To keep medical coverage under her job share, Melton must pay the regular medical
insurance premiums charged to full-time workers plus half of what the county pays to
insure her family. "We don't do a lot of shopping or take vacations like colleagues," she
said. "It's been tight. We've used up savings, and it's a question of going as long as we
can go." Much more common are telecommuting and flexible start times.
But when full-time employees request them, they frequently run into middle managers
who deny their requests because they think employees will become slackers without
constant oversight.
Employees looking to climb the corporate ladder often fear that their career paths will be
derailed if they aren't in the office for long hours each day.
"I pretty much decided from the beginning that I would not try to climb the corporate
ladder," said Malaina Jefko, 40, a systems analyst who telecommutes to test and to install
software at Texas Instruments. "I know a few managers who work at home one to two
days a week. For me, it's a little risky because you are not seen." Jefko says her
performance reviews have stayed positive because she worked in the Dallas office for a
few years with most of her supervisors before beginning to telecommute when her
husband got a new job in Cherokee near Austin. Her boss regularly schedules her to make
presentations during conference calls so colleagues don't forget her.

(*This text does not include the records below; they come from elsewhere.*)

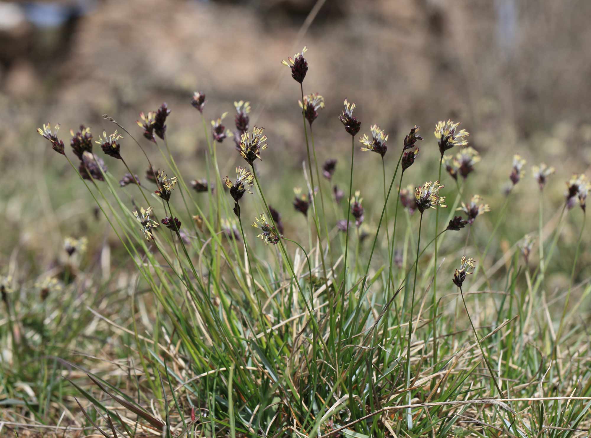 Arten blommar i maj-juni. Småaxen är mörkt blåvioletta och sitter samlade i en tät, äggrund, axlik vippa. Efter blomningen förlorar vippan sin vackra färg och blir gråaktig.
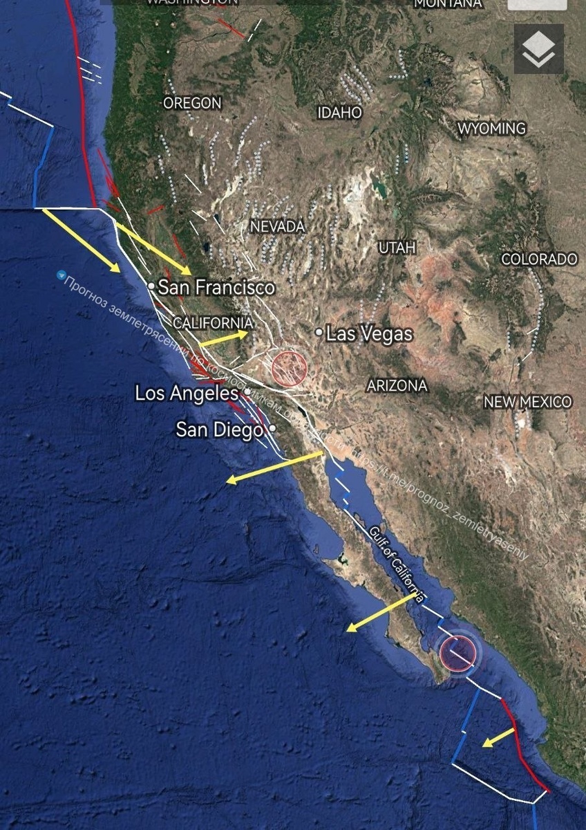 Тихоокеанскую плиту от Мексики и до северной Калифорнии. В течение 9 дней есть вероятность более сильного землетрясения по данным зонам. ==== Against the background of two M4+ earthquakes per day in the Gulf of California and southern California, 2 M7+-level CSTIs are observed tracing the Pacific Plate from Mexico to northern California. Within 9 days, there is a possibility of a stronger earthquake in these zones.
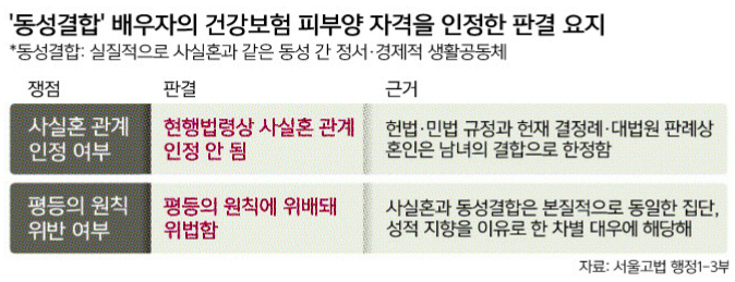 재판부는 ‘동성결합’이 피부양자 자격이 인정되는 사실혼과 본질적인 차이가 없다고 봤다. 동성결합 역시 ‘동거·부양·협조·정조 의무에 대한 상호 간 의사의 합치 및 사실혼과 동일한 정도로 밀접한 정서적·경제적 생활공동체 관계’를 전제로 한다는 이유에서다.
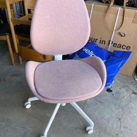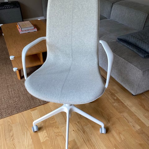 Sælger denne stilrene og komfortable LÅNGFJÄLL kontorstol fra IKEA. Det er modellen med mørkegråt (gunnared) stofpolstring, sorte armlæn og sorte hjul, hvilket giver et moderne look til hjemmekontoret.
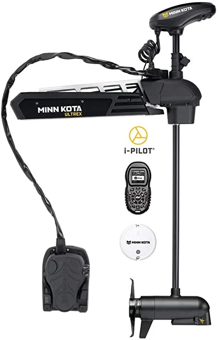 You no longer need to choose between rugged, instant responsiveness and technology-ridden trolling motors with Minn Kota’s Ultrex Bow-Mount Trolling Motor. i-Pilot uses GPS to remember fishing spots and control speed, steering, cruise control and Advanced AutoPilot. iTrack Record, Playback and Backtrack allows you to create, store and retrace productive paths along contour lines. Co-Pilot allows wireless control of speed and steering. Cruise control locks in your speed down to 0.1 mph increments. Remote and smartphone apps work via Bluetooth® technology. Using the instant-response cable-driven system you’re used to on the Fortrex®, the Ultrex boasts power-assisted steering, cutting down on fatigue and saving your energy. Minn Kota refined their Spot-Lock technology for tighter tolerance, keeping you on top of the fish. When you lift your foot off the pedal, steering lock holds the motor’s heading, reguardless of wind or current. The Ultrex’s foot pedal boasts controls for Auto Pilot and Spot-Lock. Its single-hinge mono-arm has fewer moving parts than traditional mounts for peerless reliability that meets the demands of tournament anglers. Its marine-grade anodized-aluminum arm is engineered to tighter tolerances for professional-grade strength, resulting in 75% less torsion deflection and less overall weight. The counter-tension stability system eliminates motor play, reducing steering torque at high speeds in rough water, and provides rock-solid, vibration-free stowing. A nitrogen gas-charged spring halves the strength needed to stow or deploy the arm. Bowguard 360™ lets you easily lift the motor and Bowguard off by removing a single cap screw for secure storage on the road or during winter. Includes power-saving Digital Maximizer™ technology with battery meter, and a nearly indestructible composite shaft. Available with Universal Sonar 2. Two-year warranty. Made in USA.
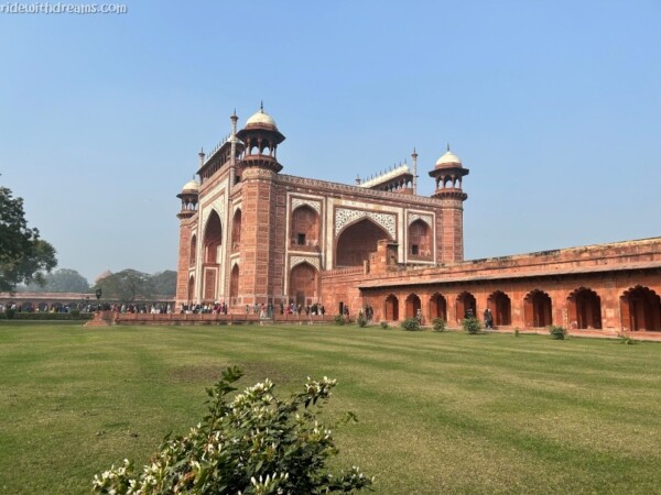 Beyond the mausoleum, the complex includes a majestic red sandstone gateway, a mosque, a matching guest house (jawab), and expansive Charbagh gardens, divided by reflective water channels symbolizing paradise in Islamic tradition. I found the red sandstone mosque nearly as impressive as the Taj itself, and we spent a long time wandering the gardens and admiring the architecture.
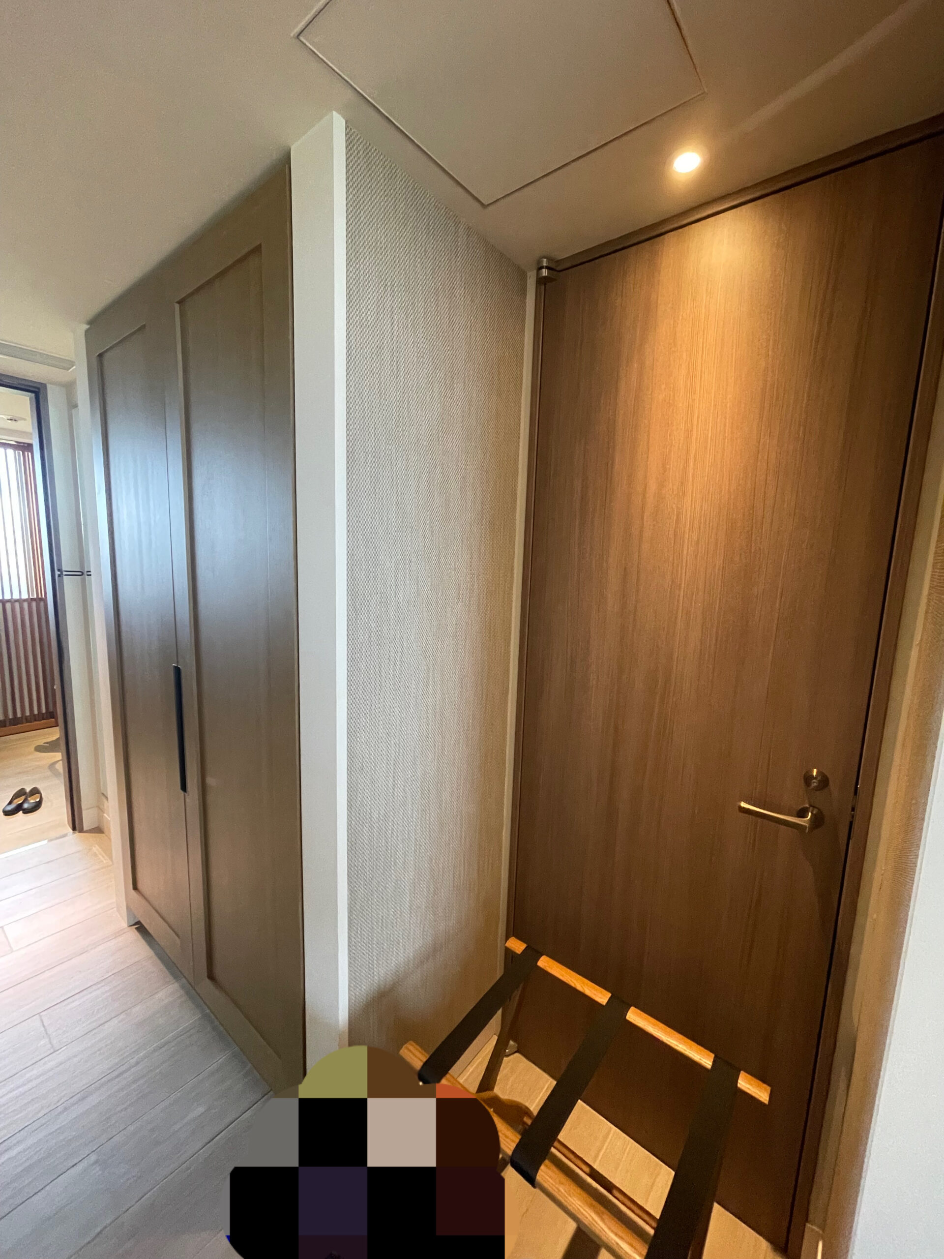 クローゼット隣にはラゲッジラックが置かれています。コネクティングルームのようでラゲッジラックの後ろには隣の部屋との扉があります
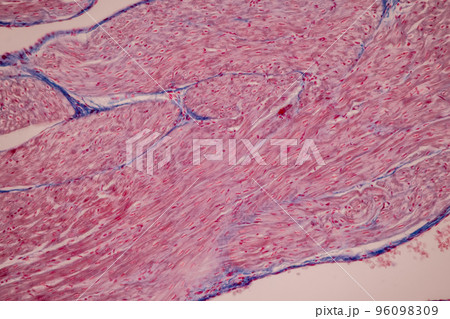 Tissue of Blood human, Vein human, Artery human and Heart muscle human under the microscope in Lab.
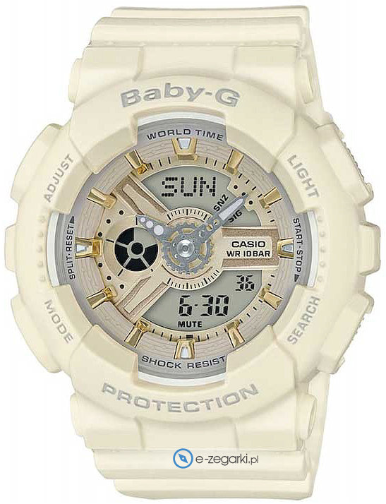Model damski BA-110GA-7A2ER marki Casio z rodziny Casio Baby-G. Zegarek ten prezentuje aktualny czas w formacie analogowo - cyfrowym dzięki czemu odczyt jest bezproblemowy. Koperta szeroka jest na 43 mm oraz ma grubość 14 mm.

Some amenable employers have run into conflict with existing employment law. For
instance, workers' compensation insurance and business taxes are often based on the
number of employees on staff.
"It makes it difficult for employers to justify hiring two part-time employees if it will cost
them more than having one full-time employee," said Kelly Watson, founder and
president of Los Angeles-based CareerPartners that screens executives for job-share
arrangements.
Still, workplace flexibility appears here to stay. Companies are experimenting with new
models, such as the guaranteed three-month sabbaticals offered at Accenture. Best Buy's
"Results Only Work Environment" lets corporate employees pick how, when and where
to work and will be rolled out to retail stores later.
Clamor is building at Texas Instruments and other companies for phased returns from
maternity leave.
Similarly, phased retirement to allow an orderly transfer of knowledge and seasonal
employment for baby boomers isn't far on the horizon, experts say.
"With four generations in the workplace now, you need flexibility," said Scott of the San
Antonio Human Resource Management Association.